Am Ende seines Mandats wird er seinem Nachfolger zur Verfügung stehen bleiben, der ihn nacheinander der Pfarrei Elimo- Santu und dann der Bezirk der Provinz Europa in der Region Belgien hier in der Pfarrei St. Johannes der Täufer in Molenbeek zuweist. Für viele Gemeindemitglieder bleibt er in all den Jahren, die er hier verbrachte, eine stille Kraft. Ein Seelsorger, dem man vertrauen konnte, weil er eine richtige Wahrnehmung von Menschen, Dingen und Ereignissen hatte. Die kleinen Ratschläge, die er in die Ohren derer zu flüstern wusste, die ihn darum baten, waren immer voller Weisheit und Glaubensstärke. Sie konnten es überprüfen, meine Mitbrüder und ich konnten es auch überprüfen und ausnutzen. Alles hatte für ihn immer einen Ausweg, vorausgesetzt, wir leben in Frieden und gegenseitigem Respekt zusammen.

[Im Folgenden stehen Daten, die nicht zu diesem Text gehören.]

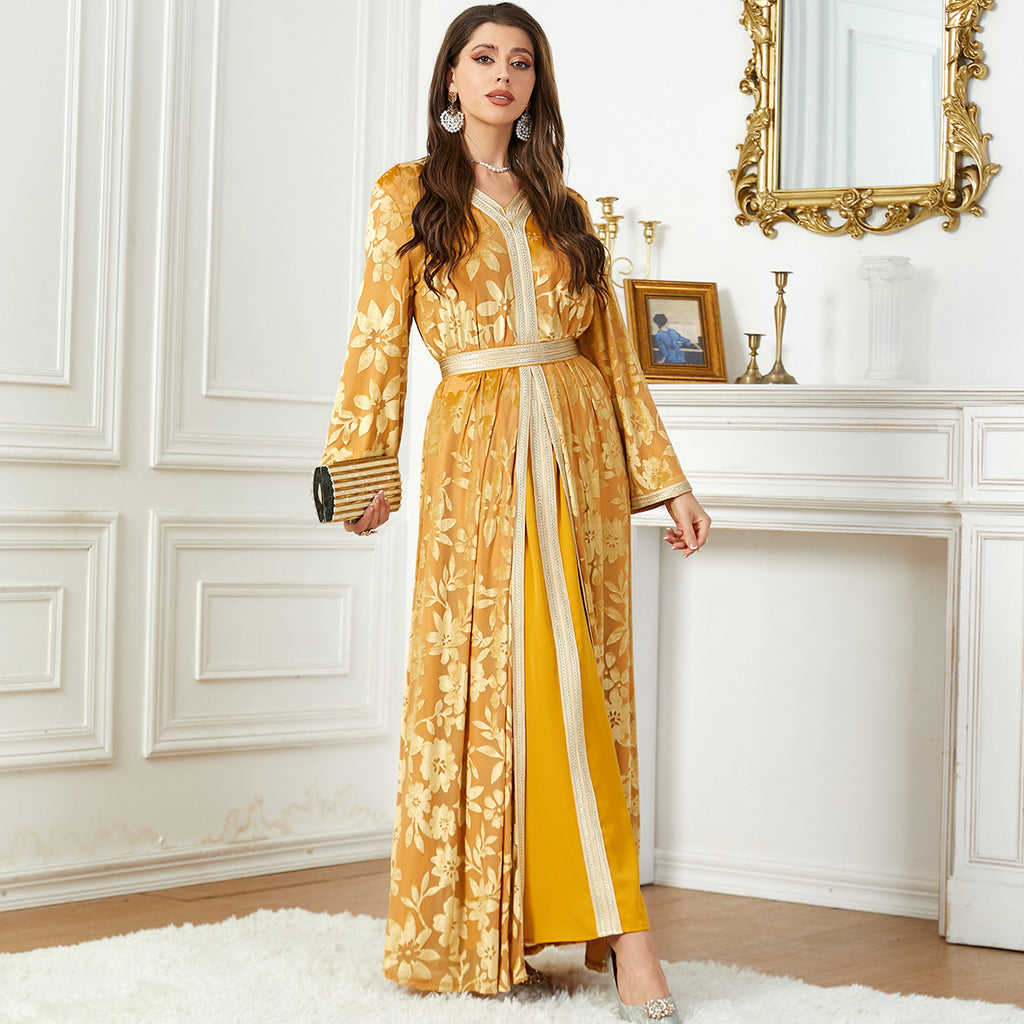 The Women's Long Sleeve Floral Print Robe Style Dress is an elegant and sophisticated way to dress for a special occasion or night out. It comes in your choice of royal purple or gold.

Ein Aspekt seines Lebens, der uns jedoch entgangen ist und über den wir wenige Informationen hatten, war seine Sensibilität für Gerechtigkeit und evangelische Gerechtigkeit. Neben der Zeit, die er in der Pfarrei investierte, widmete er sein Leben auch der Arbeit für Gerechtigkeit und Frieden und der Bewahrung der Schöpfung, indem er im vergangenen Jahr den belgischen Zweig von Vivat International gründete, einer regierungsunabhängigen Organisation (NGO), die bei den Vereinten Nationen beratenden Status hat. In seiner langen und mühsamen Arbeit ist es ihm gelungen, mehrere Ordensgemeinschaften um die Unterstützung von Gerechtigkeit, Harmonie und Versöhnung in der Welt zu vereinen, um die Würde der Ärmsten wiederherzustellen, ein besseres Verständnis zwischen den Völkern zu gewährleisten und effektiver für ökologische Nachhaltigkeit zu arbeiten. Ein Ameisenwerk, mit dem er sich nicht brüstete. Aber eine Arbeit, die heute von vielen Menschen begrüßt wird.

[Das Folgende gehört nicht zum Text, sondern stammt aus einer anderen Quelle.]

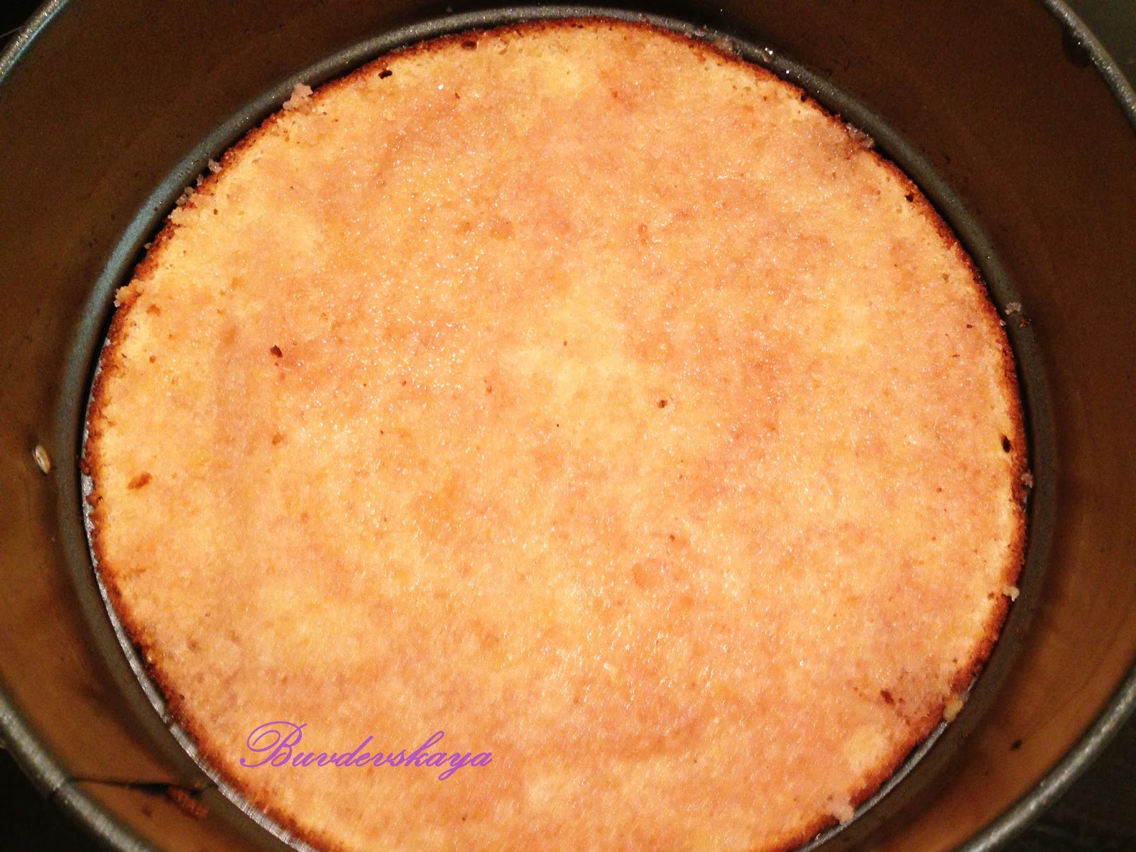4. Взбитые белки аккуратно добавить в тесто. Выложить в форму для выпекания. Выпекать в течение 30-40 мин (зависит от размера формы и от духовки). Остудить, достать из формы. Разрезать на два коржа.

Insgesamt zeichnete sich Pater Jean-Jacques dadurch aus, dass er die verschiedenen Verpflichtungen und Dienste in einer verblüffenden Ruhe ausführte, die den Provokateuren auf allen Seiten unerschütterlich trotzte. Als lebenslustiger Mensch und als guter Ordensmann schätzte er das Gemeinschaftsleben und die gut erledigten Aufgaben. Sicherlich war er kein guter Koch, aber er hatte eine Vorliebe für wohlschmeckende Gerichte. Die Provinz Kongo-Kinshasa hat mich wissen lassen, dass alle, die ihn kannten, sich immer daran erinnern werden, was er war: ein Mitbruder und ein Priester von unfehlbarer Heiterkeit, immer bereit, zum Dienst zu stehen, um den Dialog, das Verständnis und die Freude um ihn herum zu fördern. Man wird sich auch an ihn wegen seiner respektvollen Haltung gegenüber den offiziellen Autoritäten erinnern. Jean-Jacques war ein Missionarspriester mit verschiedenen und vielfältigen Projekten, getragen von der Sorge um die Verbesserung der Lebensbedingungen seiner Mitbrüder und der Bedürftigen!

Er wurde am Dreikönigstag des Herrn von unserer Liebe entnommen, möge er nun voll in sein Licht eingehen und den Lohn für all seine Mühen und für sein Zeugnis erhalten. Du wirst für immer ein Bruder für uns und ein großer Missionar bleiben. Danke, Jean-Jacques!